▶ **Your instructions**: From the first line of the records below, transcribe each line exactly up to and including the one with "Under september månad"; pictures stay out.

▶ **Records provided**:
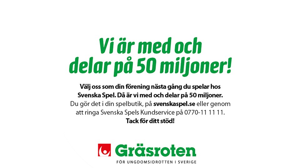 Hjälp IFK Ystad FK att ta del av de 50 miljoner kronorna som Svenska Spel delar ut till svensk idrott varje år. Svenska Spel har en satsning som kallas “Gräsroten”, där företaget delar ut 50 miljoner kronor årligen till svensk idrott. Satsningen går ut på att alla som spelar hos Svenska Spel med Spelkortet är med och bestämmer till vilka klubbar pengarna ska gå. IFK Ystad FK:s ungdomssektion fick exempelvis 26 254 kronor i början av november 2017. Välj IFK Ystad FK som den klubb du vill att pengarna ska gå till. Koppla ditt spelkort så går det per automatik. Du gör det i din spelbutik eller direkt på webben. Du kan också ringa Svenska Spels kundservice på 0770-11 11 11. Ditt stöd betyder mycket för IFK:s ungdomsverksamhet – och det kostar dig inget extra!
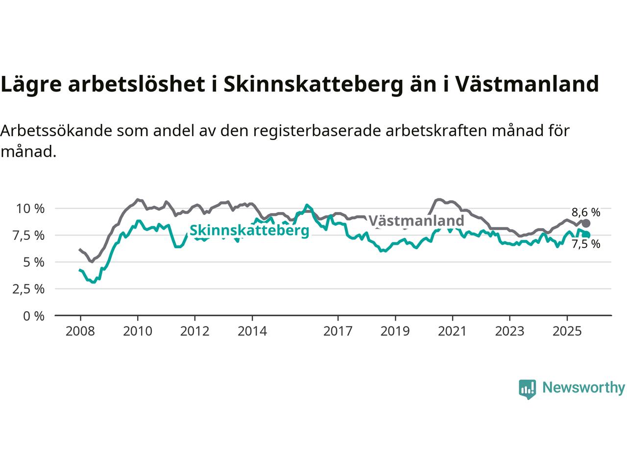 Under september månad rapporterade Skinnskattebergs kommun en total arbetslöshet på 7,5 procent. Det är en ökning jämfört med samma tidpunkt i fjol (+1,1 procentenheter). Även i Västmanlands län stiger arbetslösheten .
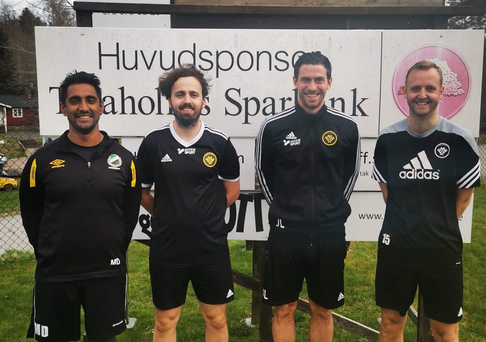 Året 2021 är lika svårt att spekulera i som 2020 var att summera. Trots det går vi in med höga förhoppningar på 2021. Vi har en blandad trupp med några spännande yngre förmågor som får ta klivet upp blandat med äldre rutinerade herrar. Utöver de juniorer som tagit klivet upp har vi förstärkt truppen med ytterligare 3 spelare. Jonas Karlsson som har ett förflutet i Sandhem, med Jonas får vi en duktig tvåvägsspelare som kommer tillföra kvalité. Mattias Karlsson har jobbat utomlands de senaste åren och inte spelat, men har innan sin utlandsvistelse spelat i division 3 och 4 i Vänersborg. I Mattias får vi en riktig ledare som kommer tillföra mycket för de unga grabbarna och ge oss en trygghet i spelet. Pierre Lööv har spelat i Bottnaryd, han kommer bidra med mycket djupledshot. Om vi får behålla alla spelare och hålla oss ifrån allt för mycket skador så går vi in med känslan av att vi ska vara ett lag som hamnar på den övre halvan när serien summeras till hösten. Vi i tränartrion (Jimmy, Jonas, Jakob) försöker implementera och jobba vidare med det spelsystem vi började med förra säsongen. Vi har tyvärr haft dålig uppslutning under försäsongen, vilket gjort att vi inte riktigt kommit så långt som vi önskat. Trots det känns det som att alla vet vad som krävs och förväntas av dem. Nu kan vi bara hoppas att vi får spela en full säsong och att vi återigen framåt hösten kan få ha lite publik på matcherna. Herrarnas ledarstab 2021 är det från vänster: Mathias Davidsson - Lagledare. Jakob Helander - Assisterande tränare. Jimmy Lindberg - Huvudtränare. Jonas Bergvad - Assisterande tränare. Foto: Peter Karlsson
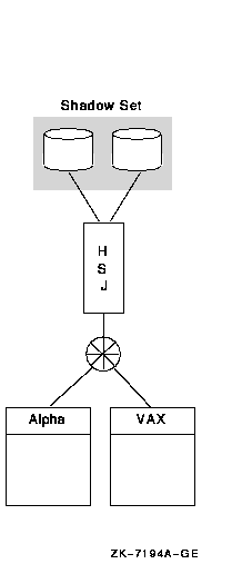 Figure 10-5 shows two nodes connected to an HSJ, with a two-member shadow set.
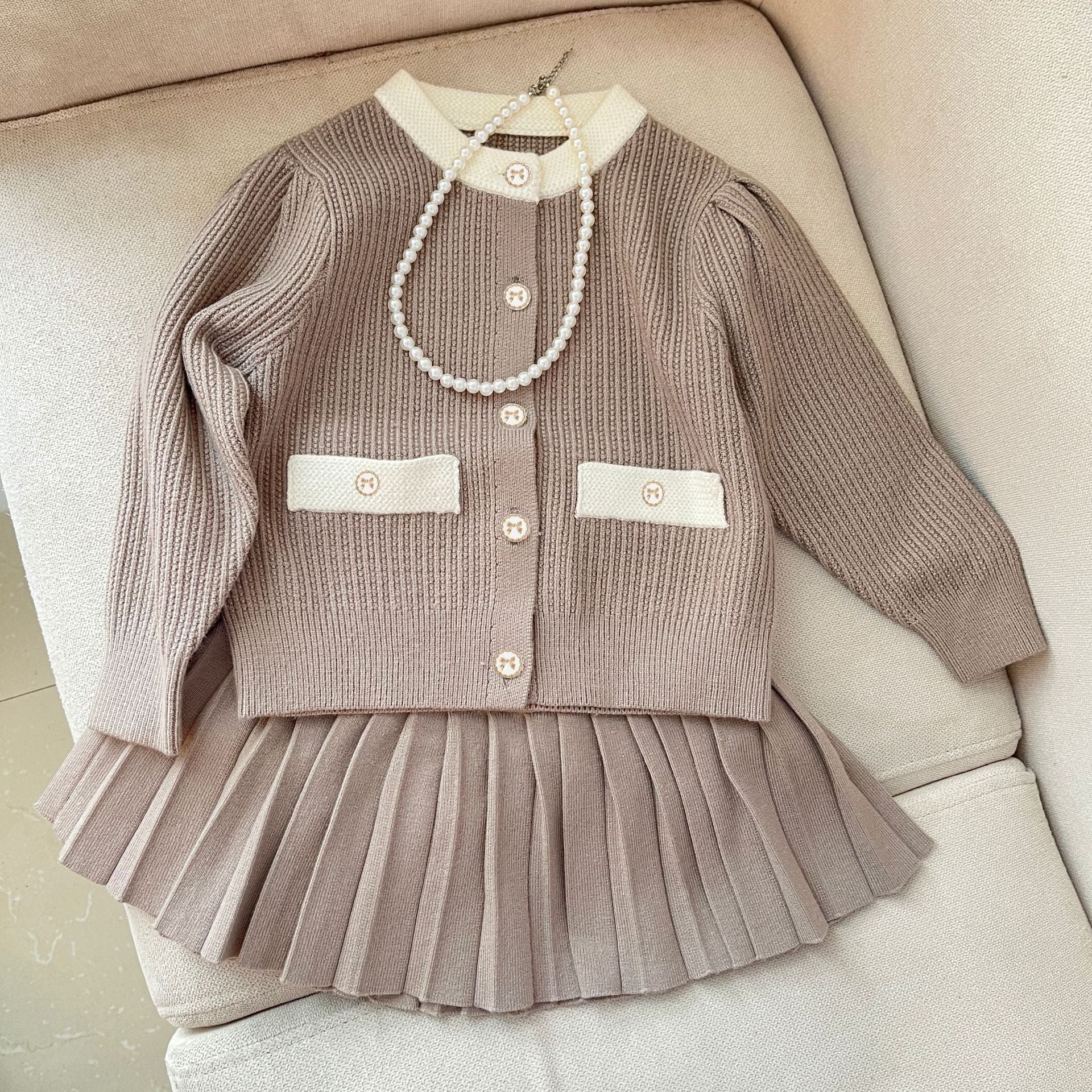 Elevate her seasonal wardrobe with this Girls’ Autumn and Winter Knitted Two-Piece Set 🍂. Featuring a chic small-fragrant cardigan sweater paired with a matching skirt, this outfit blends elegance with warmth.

▶ **Completed exercise**:
 Hjälp IFK Ystad FK att ta del av de 50 miljoner kronorna som Svenska Spel delar ut till svensk idrott varje år. Svenska Spel har en satsning som kallas “Gräsroten”, där företaget delar ut 50 miljoner kronor årligen till svensk idrott. Satsningen går ut på att alla som spelar hos Svenska Spel med Spelkortet är med och bestämmer till vilka klubbar pengarna ska gå. IFK Ystad FK:s ungdomssektion fick exempelvis 26 254 kronor i början av november 2017. Välj IFK Ystad FK som den klubb du vill att pengarna ska gå till. Koppla ditt spelkort så går det per automatik. Du gör det i din spelbutik eller direkt på webben. Du kan också ringa Svenska Spels kundservice på 0770-11 11 11. Ditt stöd betyder mycket för IFK:s ungdomsverksamhet – och det kostar dig inget extra!
 Under september månad rapporterade Skinnskattebergs kommun en total arbetslöshet på 7,5 procent. Det är en ökning jämfört med samma tidpunkt i fjol (+1,1 procentenheter). Även i Västmanlands län stiger arbetslösheten .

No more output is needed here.